1. Let X be the open interval (0, 1) with the usual topology induced by the Euclidean distance. Open sets are then of the form
$\bigcup_{\gamma \in \Gamma} (a_{\gamma},b_{\gamma})$
where 0 < aγ < bγ < 1, and Γ is an arbitrary index set. The definition now implies that closed sets are of the form
$\bigcap_{\gamma \in \Gamma} (0,a_{\gamma}]\cup [b_{\gamma},1).$.
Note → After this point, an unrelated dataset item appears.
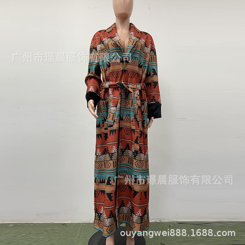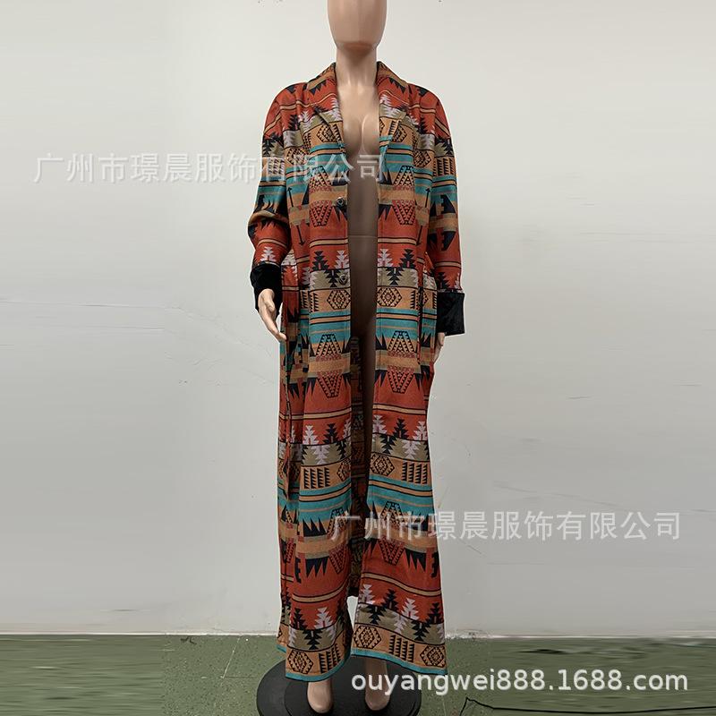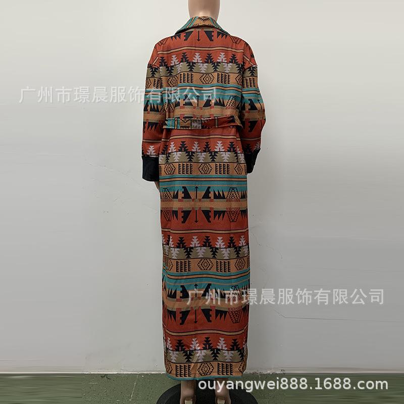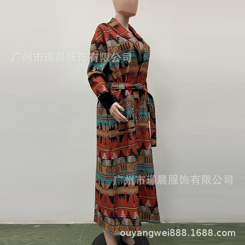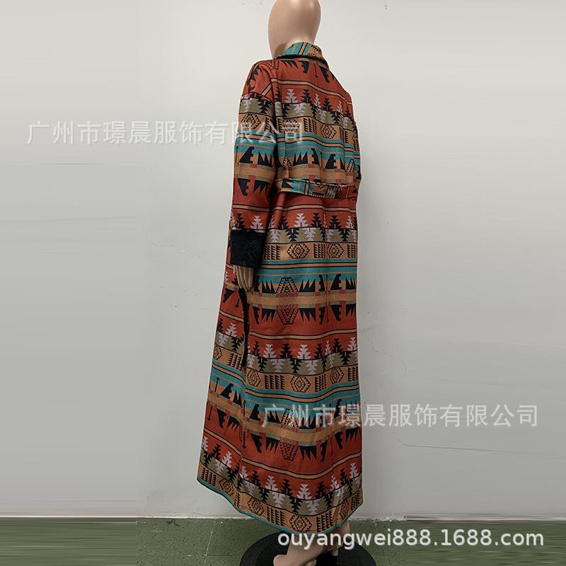 Yama 2022 Otoño Europeo y Americano Nuevo Comercio Exterior Abrigo Largo de Solapa Británica con Estampado Doble Cara para Mujer

2. As a more interesting example, consider the function space C[a,b] (with a < b). This space consists of all real-valued continuous functions on the closed interval [a, b] and is endowed with the topology induced by the norm
$\|f\| = \max_{x \in [a,b]} |f(x)|.$
In this topology, the sets
$A = \big\{ f \in C[a,b] \mid \min_{x \in [a,b]} f(x) > 0 \}$
and
$B = \big\{ f \in C[a,b] \mid \min_{x \in [a,b]} f(x) < 0 \}$
are open sets while the sets
$C = \big\{ f \in C[a,b] \mid \min_{x \in [a,b]} f(x) \ge 0 \}$
and
$D = \big\{ f \in C[a,b] \mid \min_{x \in [a,b]} f(x) \le 0 \}$
are closed (the sets C and D are the closure of the sets A and B respectively).